Mac felt absolutely dejected, and looked it. His mare, too, appeared neither happy nor spirited. Except for some nebulous figures, indistinct in the yellow murk, little else was visible. Mac crouched scowling in the lee of the mare, who stood with drooping head and closed eyes, swaying occasionally to the violent buffetings of the desert storm, and patiently waiting for some move on the part of her master. The three squadrons and the transport had left camp independently just after dawn with instructions to bivouac together, at midday, at a certain spot known to the High Command by the enigmatical formula "No. 3. Tower, 105°—Virgin's Breasts 45°."

Mac, who carried the compass, had taken various bearings before the breaking of the storm, and had now halted where the Major and he considered angles, bearings, and letters indicated. There was no sign of the other units. Either they had sagaciously abandoned the expedition earlier or else they had other opinions regarding the trysting place. Anyhow, whether they were still wandering about the infernal desert or not, Mac was firmly convinced that camp was the place for him. Picking up his rein, he made in the direction of a blur he knew to be the Major, and told him so. The Major had visions of pleasant refuge in a Cairene hotel, a good dinner, and a cool bath, instead of a night trek in the desert as originally intended. So he agreed, and shrill whistling stirred to life more or less comatose troopers and horses.

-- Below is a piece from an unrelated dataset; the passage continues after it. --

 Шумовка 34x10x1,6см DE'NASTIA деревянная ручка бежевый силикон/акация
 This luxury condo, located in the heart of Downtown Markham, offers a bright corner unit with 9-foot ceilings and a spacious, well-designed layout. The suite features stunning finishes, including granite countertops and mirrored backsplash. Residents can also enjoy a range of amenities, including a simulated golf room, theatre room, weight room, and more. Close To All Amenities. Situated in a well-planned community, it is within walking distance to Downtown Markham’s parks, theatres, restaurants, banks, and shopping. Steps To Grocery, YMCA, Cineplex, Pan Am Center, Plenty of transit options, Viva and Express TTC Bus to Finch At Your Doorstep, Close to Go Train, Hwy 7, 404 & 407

Steering, nor'-nor'-west, each following close upon the next ahead, they rode in deep silence. They crossed wave after wave of sand-hills, monotonous and bewildering. The khamsin blew in hot, sandy spurts, and lulled; then came again in hotter, more shrivelling bursts "From Hell!" thought the troopers, one and all. Sand trickled down their necks, and filtered down to that place where it neither increased the comfort of their riding nor diminished the ardour of their revilings against the weather. With fiercer gusts, gravel rose and stung horse and rider, while the former stumbled frequently over unseen boulders.

In the latter half of the afternoon they struck the old railway embankment to Suez, lost it again, but soon found the edge of the irrigated land and followed it to the camp. Parched, red-eyed, headachy, and yellow with dust, they made for their lines, watered their horses, and set about making themselves as comfortable as circumstances allowed. The happiness of the trooper was not enhanced when he failed to find a misty blur representing his tent. It had chosen to give up the unequal contest and had departed down-wind. He followed, and joined the rest of the tent's company in recovering the tattered remnants, and towels, and personal property which had strayed into the domain of the next regiment.